Designated Drivers And Car Accidents

The designated driver program is intended to reduce the number of injuries and deaths that come as a result of drunk drivers. The program may not be working as many people believe. A recent study from the University of Florida showed that roughly 40 percent of the people who had been deemed the designated driver for a group had consumed alcohol. Nearly one out of three car accident fatalities involve a driver impaired by alcohol. Drunk driving accounts for almost 11,000 traffic deaths each year, according to the U.S. Centers for Disease Control and Prevention.

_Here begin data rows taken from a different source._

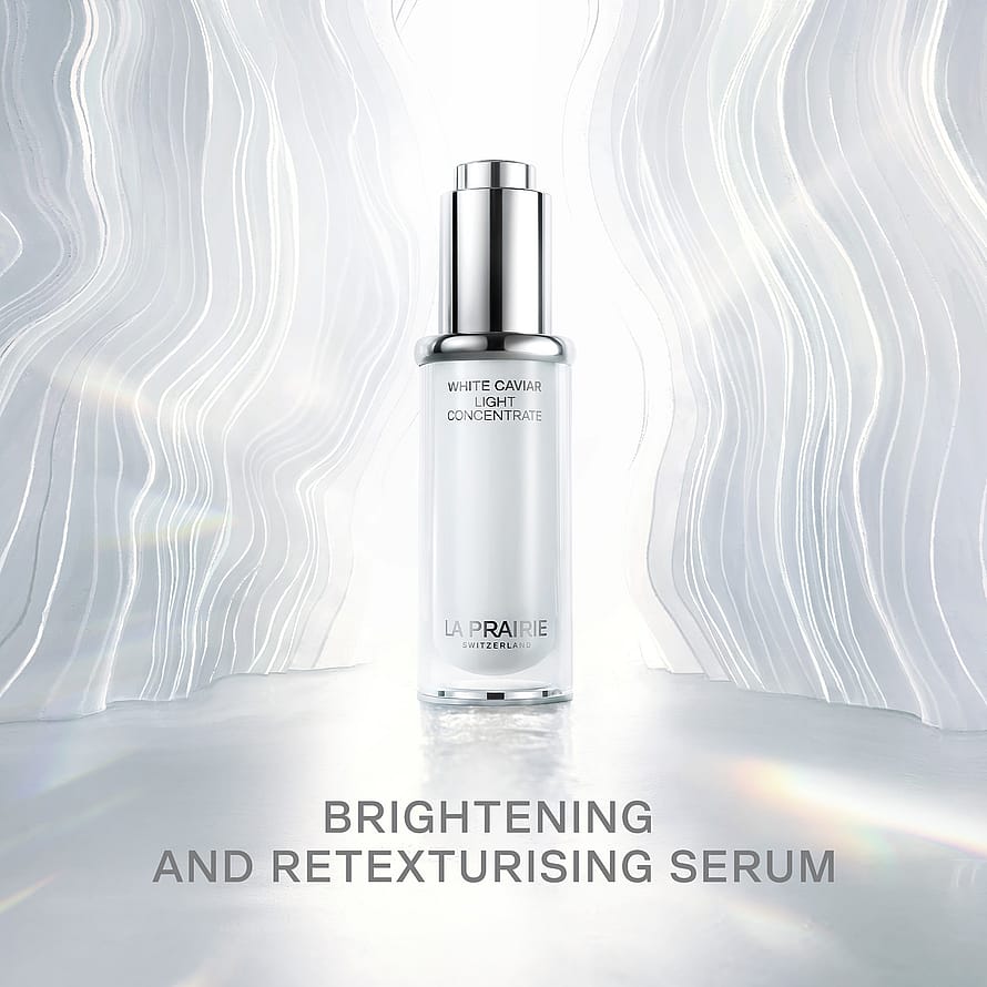 White Caviar Light Concentrate är ett koncentrerat serum utvecklat med den patenterade Lumidose™ – den mest potenta lystmolekylen som finns idag – samt La Prairies Exclusive Cellular Complex™.
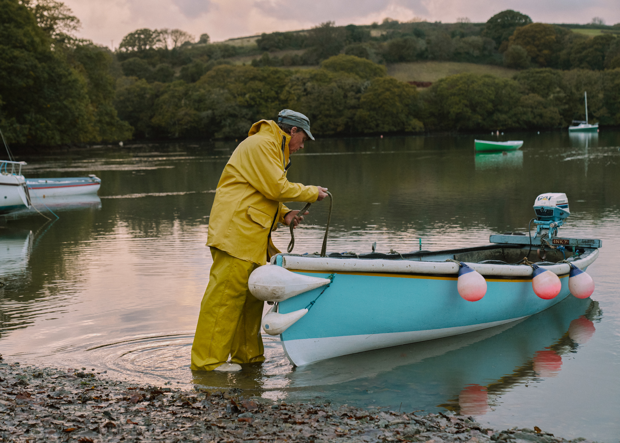 The Fal opens out slowly, the river widening and loosening as it goes. Mud banks catch and hold the early morning light. Gulls wheel overhead, calling to one another, our only witnesses. There are barely any other boats. Jason scans the water, squinting slightly, taking it all in.
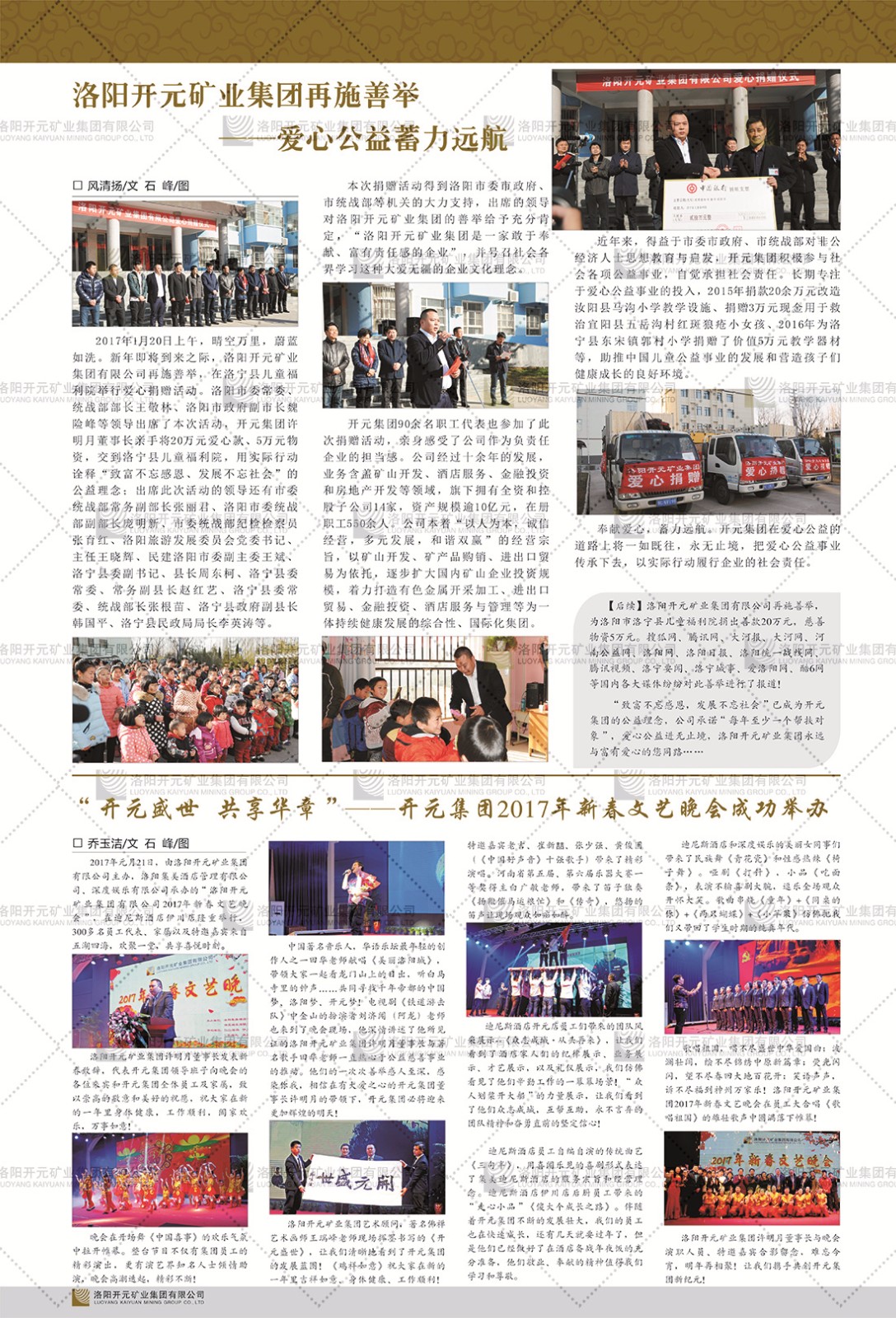洛陽(yáng)開(kāi)元礦業(yè)集團(tuán)有限公司簡(jiǎn)介洛陽(yáng)開(kāi)元礦業(yè)集團(tuán)有限公司,始成立于2006年,位于洛陽(yáng)市開(kāi)元大道269號(hào)。集團(tuán)旗下共有五余家全資子公司,業(yè)務(wù)涉及有色金屬礦山開(kāi)發(fā)、礦產(chǎn)品購(gòu)銷(xiāo)與進(jìn)出口貿(mào)易、房地產(chǎn)開(kāi)發(fā)、文化藝術(shù)、企業(yè)管理與咨詢、資本投資等多個(gè)領(lǐng)域。民建河南省委委員、民建河南省委企業(yè)委副主任、民建洛陽(yáng)市委委員、企業(yè)委主任、洛陽(yáng)民建企業(yè)家協(xié)會(huì)會(huì)長(zhǎng)許明月是公司創(chuàng)始人,現(xiàn)任洛陽(yáng)開(kāi)元礦業(yè)集團(tuán)有限公司董事長(zhǎng)。在礦業(yè)領(lǐng)域,洛陽(yáng)開(kāi)元礦業(yè)集團(tuán)擁有多家實(shí)力雄厚的子公司:貴州開(kāi)元礦業(yè)有限公司探、采礦權(quán)面積共11.33平方公里;興海縣銅鑫礦業(yè)有限公司探礦權(quán)面積8.76平方公里,礦山資源潛力巨大;2021年,開(kāi)元集團(tuán)與盧氏中科礦業(yè)有限公司開(kāi)展戰(zhàn)略合作。盧氏中科礦業(yè)有限公司專(zhuān)注于有色金屬的浮選、加工和銷(xiāo)售,擁有強(qiáng)大的技術(shù)支撐平臺(tái),是集探、采、選、冶、研為一體的中大型綜合礦業(yè)企業(yè)。目前,盧氏中科王家河1000噸選礦廠已成功投產(chǎn),雙河金礦、柳關(guān)欒盧鉛鋅礦相繼順利開(kāi)工,樓房銀礦與圪老灣鉛鋅礦的深部探礦重大突破,標(biāo)志著礦山版圖取得重大進(jìn)展,為開(kāi)元集團(tuán)后續(xù)發(fā)展奠定了堅(jiān)實(shí)基礎(chǔ)。在文化傳媒領(lǐng)域,洛陽(yáng)市明月美術(shù)館通過(guò)豐富多樣的藝術(shù)展覽、學(xué)術(shù)研討和公共教育活動(dòng),努力打造一個(gè)集展覽、交流、教育、研究為一體的綜合性藝術(shù)平臺(tái)。此外,在金融投資領(lǐng)域,開(kāi)元集團(tuán)旗下的北京明峰資本管理有限公司專(zhuān)注于投資具有高增長(zhǎng)潛力的優(yōu)秀企業(yè),特別是高科技、新能源、環(huán)保等新興產(chǎn)業(yè),為客戶提供個(gè)性化的資產(chǎn)配置服務(wù)。在做好企業(yè)經(jīng)營(yíng)的同時(shí),開(kāi)元集團(tuán)始終不忘企業(yè)的社會(huì)責(zé)任和家國(guó)情懷,以突出的愛(ài)心公益事跡,開(kāi)展了一系列公益慈善活動(dòng):“民建林”公益事業(yè)通過(guò)“思源基金”“幫幫公益”線上公益平臺(tái),與眾多愛(ài)心人士籌措資金20余萬(wàn)元;資助541名貧困大學(xué)生共計(jì)270余萬(wàn)元,推進(jìn)“數(shù)字助力——河南AI人才培養(yǎng)”;捐款10萬(wàn)元,馳援京津冀、黑龍江洪水地質(zhì)災(zāi)害……公司于2017年底被洛陽(yáng)市慈善總會(huì)評(píng)為“洛陽(yáng)慈善風(fēng)云榜——十大愛(ài)心集體”。洛陽(yáng)開(kāi)元礦業(yè)集團(tuán)有限公司秉承持續(xù)發(fā)展理念,憑借多年來(lái)良好的企業(yè)信譽(yù)與經(jīng)營(yíng)業(yè)績(jī),與全國(guó)多家企業(yè)建立了良好合作關(guān)系,受到社會(huì)各界的一致好評(píng),多次榮獲“納稅標(biāo)兵”“先進(jìn)企業(yè)”“招商引資模范企業(yè)”等榮譽(yù)稱號(hào)。回望來(lái)時(shí)路,開(kāi)元人勠力同心,以“闖”的精神和“創(chuàng)”的勁頭,一路披荊斬棘,踏過(guò)千山萬(wàn)水;展望新未來(lái),開(kāi)元人凝心聚力,不執(zhí)于“舊”,無(wú)畏于“新”,秉承“勇于跨越,追求卓越”的企業(yè)精神,乘著國(guó)家高質(zhì)量發(fā)展新征程的東風(fēng),跨過(guò)高山,越過(guò)大海,向著集團(tuán)多元化、國(guó)際化的目標(biāo),逐夢(mèng)遠(yuǎn)航,跨越前行!
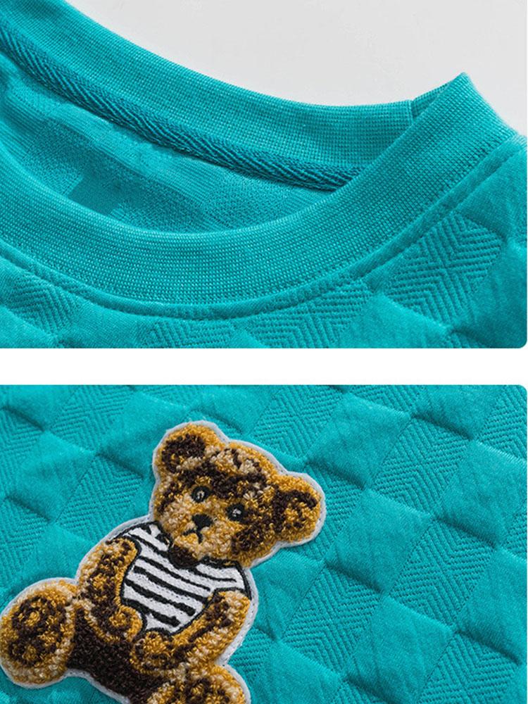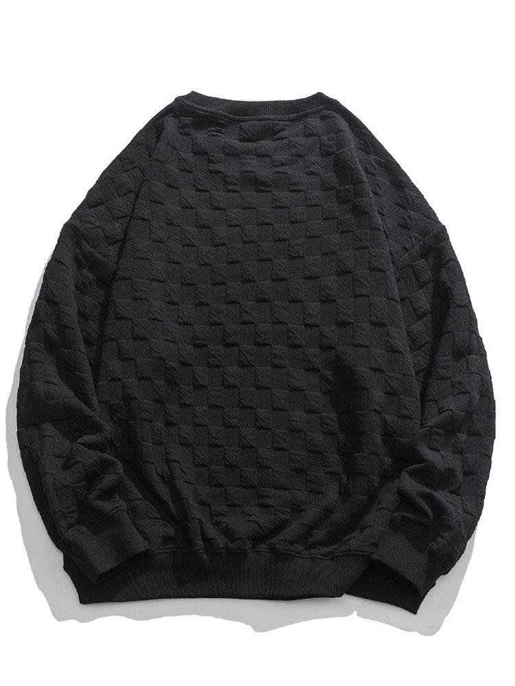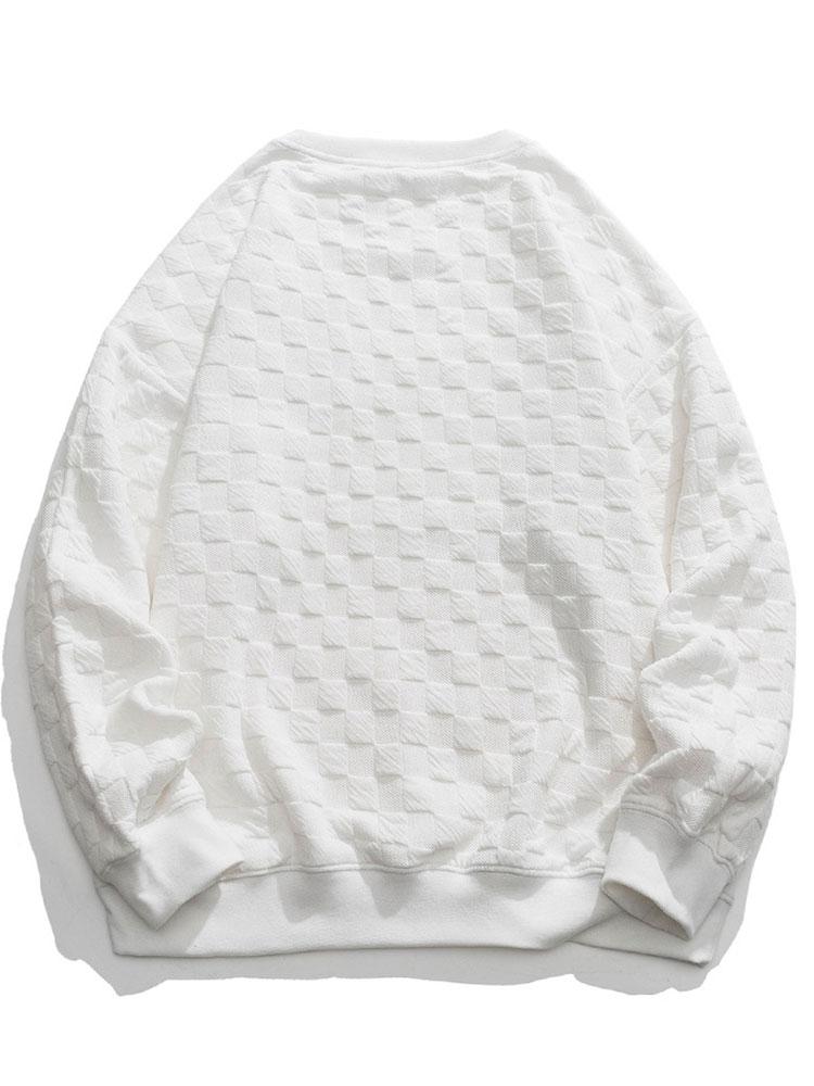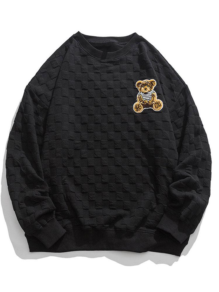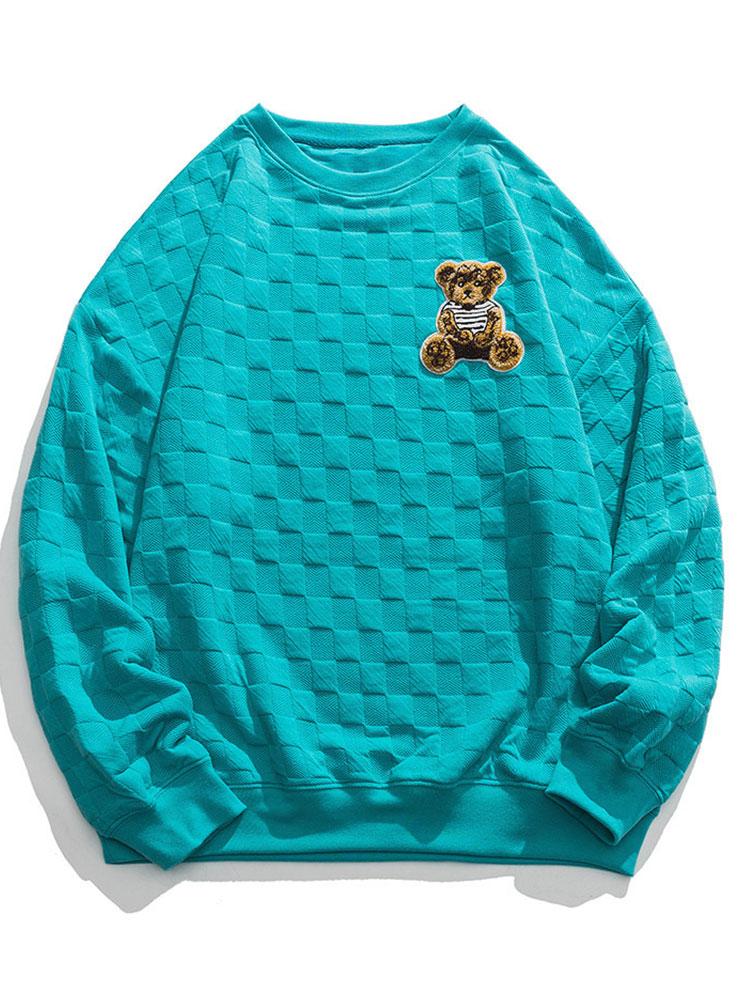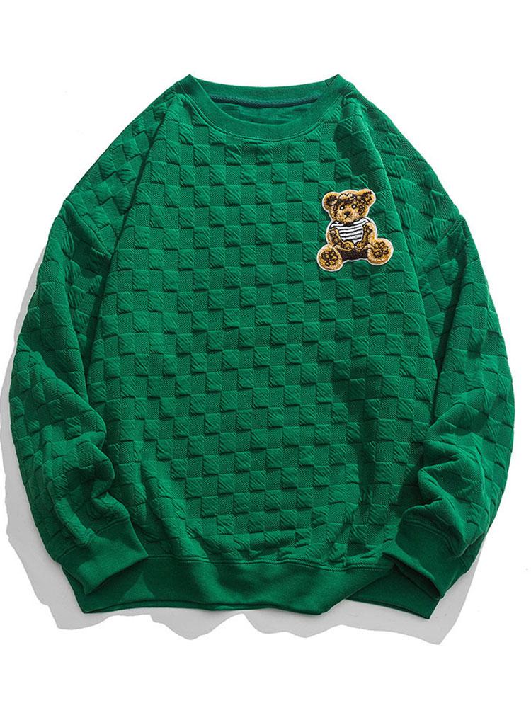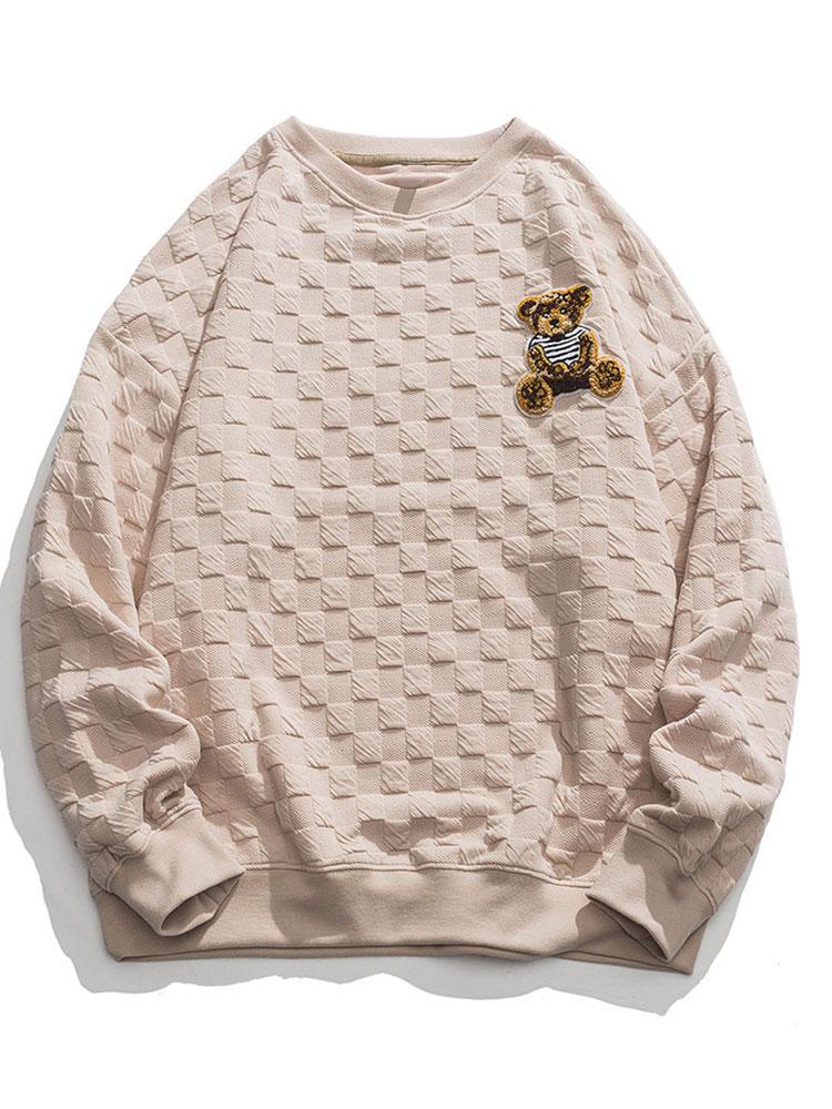Relax Fit Bear Embroidered Patch Checkerboard Jacquard Sweatshirt
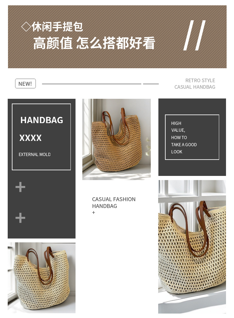 손으로 짠 코튼 백 대용량 비치 백 핸드백 캐주얼 할로우 숄더 백 여성용 Ins 스타일 모리 스타일 고대스토어 가기
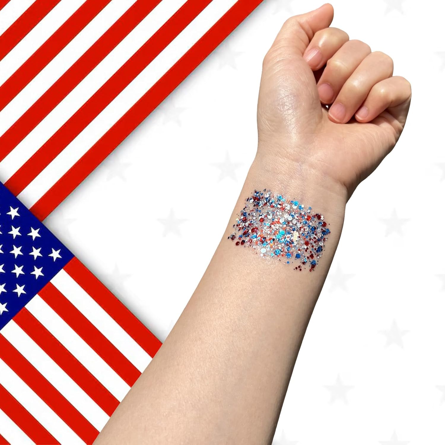 Use it for underneath eye tears,cheekbone highlights,glitter braids,glitter roots,collarbones,and shoulders for pageant make-up for 4th of July,events,concert events,picture ops,staff occasions,Halloween costume or faculty spirit days.Add a daring,festive contact to any outfit for a real patriotic glow!
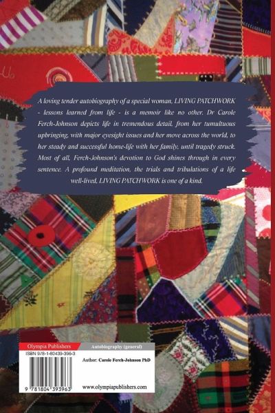 A loving tender autobiography of a special woman, LIVING PATCHWORK - lessons learned from life - is a memoir like no other. Dr Carole Ferch-Johnson depicts life in tremendous detail, from her tumultuous upbringing, with major eyesight issues and her move across the world, to her steady and successful home-life with her family, until tragedy struck. Most of all, Ferch-Johnson's devotion to God shines through in every sentence. A profound meditation, the trials and tribulations of a life well-lived, LIVING PATCHWORK is one of a kind.

Part of the problem may be how the designated driver program is presented. Is a designated driver someone who commits to not drinking for an evening in order to drive a group safely home? Is a designated driver someone who promises not to get drunk? The current legal limits for drinking and driving may give people confidence that they can have one or two drinks and still drive safely. While it is true that many people can consume that much alcohol without exceeding the legal limit, it is not necessarily true that they can still drive safely. Many studies have suggested that driving is impaired well below the .08 threshold.

The National Transportation Safety Board recently suggested that states should lower the blood alcohol limit for drunk driving from .08 to .05. If adopted, such a proposal would place nearly 20 percent of the designated drivers in the University of Florida study over the legal limit. It might serve to discourage designated drivers from consuming any alcohol before getting behind the wheel.